HVOB gehen auf neuem Album einen "Trialog" ein

04.05.2015, 17:00
Sie zählen zu den gefragtesten Acts der heimischen Elektronikszene - obwohl sie dieser streng genommen gar nicht zugerechnet werden können. Denn wenn HVOB (Her Voice Over Boys) zwischen Kapstadt, Beirut, Neu Dehli und Wien von den Fans bejubelt werden, dann vor allem aufgrund eines genreübergreifenden Ansatzes. Den verfolgen Anna Müller und Paul Wallner auch mit ihrer zweiten Platte "Trialog".

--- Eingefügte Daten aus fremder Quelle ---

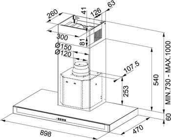 Определяющим параметром для размещения вытяжки на кухне является ширина ниши, куда предполагается ее установить. Следует учитывать, что размеры вытяжки должны соответствовать размерам рабочей поверхности, над которой она устанавливается. Вытяжка будет работать эффективно лишь при условии, что ее воздухоприемный зонт полностью закрывает плоскость плиты - тогда утечка загрязненного воздуха окажется минимальной. Если позволяет место, можно установить вытяжку несколько шире, чем рабочая поверхность плиты (например, для кухонной плиты шириной 60 см можно купить и вытяжку шириной 90 см). Но из-за экономии места большинство пользователей все же устанавливают вытяжки, по ширине равные плите.

Die zehn darauf versammelten Tracks sind genau das, was der Titel verrät: Ein gemeinsames Vorhaben mit dem bildenden Künstler Clemens Wolf und den Visual Artists von lichterloh. "Es ging darum, Kunst und Musik noch enger miteinander zu verbinden, als das schon davor in der sehr engen Zusammenarbeit mit lichterloh war", verrät Müller. "Noch gesamthafter an etwas herangehen, das hat uns gereizt." Letztlich sei daraus die Idee zum Trialog entstanden, "mit den zehn verschiedenen Prozessen und zehn entsprechenden Umsetzungen, tatsächlich Trialoge zwischen den Disziplinen". Also Musik, Installation und Video.

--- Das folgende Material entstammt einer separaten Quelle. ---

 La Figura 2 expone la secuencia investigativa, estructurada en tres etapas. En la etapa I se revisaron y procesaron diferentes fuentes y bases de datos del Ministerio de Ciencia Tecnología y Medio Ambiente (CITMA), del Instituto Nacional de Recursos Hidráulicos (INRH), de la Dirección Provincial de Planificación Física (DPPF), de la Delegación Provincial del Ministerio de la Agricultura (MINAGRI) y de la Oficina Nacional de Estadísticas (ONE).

Gleichberechtigt im Trialog

"Trialog ist ja eine Kommunikationsform von drei Partnern. Und es war im gesamten Prozess wirklich so, wie es bei einem Trialog sein soll: gleichberechtigt, jeder hat sich ins Gemeinsame eingebracht, jeder hat Inspiration gegeben und bekommen, jeder hatte Freiraum für eigene Ideen und Umsetzungen", beschreibt Müller den Prozess. "Die Arbeit von Clemens ist ein eigenständiges Kunstwerk, die von lichterloh, unsere Musik. Jeder der drei Teile könnte theoretisch auch für sich allein stehen. Aber die drei Werke addiert sind eben mehr als eine Addition, mehr als die Summe der einzelnen Teile, wenn man's mit Kante sagen will", bezieht sich die Sängerin auf einen Song der deutschen Indie- Band.

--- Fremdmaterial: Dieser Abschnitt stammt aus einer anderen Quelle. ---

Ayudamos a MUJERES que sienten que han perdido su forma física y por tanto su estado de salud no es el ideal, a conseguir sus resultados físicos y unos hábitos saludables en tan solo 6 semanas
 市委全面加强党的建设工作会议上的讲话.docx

Musikalisch setzt "Trialog" jedenfalls dort an, wo vor zwei Jahren das selbst betitelte Debüt von HVOB aufgehört hat: zunächst einfach scheinende Elektronik- Tracks, die durch detailverliebte Arrangements und komplexe Konstruktionen gehörige Sogwirkung erzeugen. Stücke wie der Opener "Azrael" oder das eingängige "Ghost" können beides: sowohl den Dancefloor bedienen als auch zum Zurücklehnen und Genießen einladen. Wobei die Musik in erster Linie Gefühlssache sei, wie Müller erläutert. "Eigentlich kommt alles aus dem Bauch. Und das ist uns auch wichtig, dass das so bleibt. Den Kopf einzuschalten wäre bei Musik keine gute Idee." Für diesen blieben ohnehin noch Dinge wie "Finanzen, Organisation, Pressearbeit, diese Sachen".

Gemeinsame Plattform

Angst, dass die Songs bei der konzeptuellen Herangehensweise an das Album in den Hintergrund rücken, habe das Duo jedenfalls nie gehabt. "Erstens, weil die Partner immer Inspirationen waren, alles auf Augenhöhe, extrem vertrauensvoll und angenehm. Und zweitens, weil das Konzept nicht wie ein Korsett war oder eine Vorgabe, sondern eher der Treffpunkt für uns drei Partner, die gemeinsame Plattform." Zwar sei es die erste Kollaboration in dieser Form gewesen. Aber: "Wenn man's gut macht, muss in einer Zusammenarbeit niemand leiden." Dementsprechend sei "Trialog" auch ein "sehr schöner" Teil ihres Weges.

Dieser hat HVOB eigentlich von Anfang an rund um den Erdball geführt: Die 2012 gegründete Formation landete dank erster Tracks bald einen Vertrag beim Berliner Label Stil vor Talent, es folgten weitere EPs und die erste Platte. "Die Zeit ist extrem schnell vergangenen", lässt Müller das bisher Erreichte Revue passieren. "Dauernd neue Ideen, neue Projekte, neue Erfahrungen, Begegnungen, Eindrücke, ständig unterwegs. Wenn man da wahrnehmen möchte, was eigentlich alles passiert ist und passiert, muss man manchmal wirklich bewusst innehalten." Insbesondere die Konzertreisen sehe man als "extreme Anerkennung und Belohnung für unsere Arbeit".

Komplette Verantwortung

Ein wesentlicher Erfolgsfaktor liegt wohl in der Eigenbestimmtheit der Gruppe begründet. "Unabhängigkeit ist das Allerwichtigste", unterstreicht Müller. "Die würden wir für nichts auf der Welt aufgeben. Das bedeutet zwar mehr Arbeit, aber dass wir wissen, HVOB ist unser Projekt, da sind wir verantwortlich für alles, wenn was klappt genauso wie wenn was schiefgeht, das ist ein Privileg und eine große Freiheit." Trotz Tourstress und der Verantwortung merke man spätestens auf der Bühne, dass sich "alles auch ausgezahlt" habe.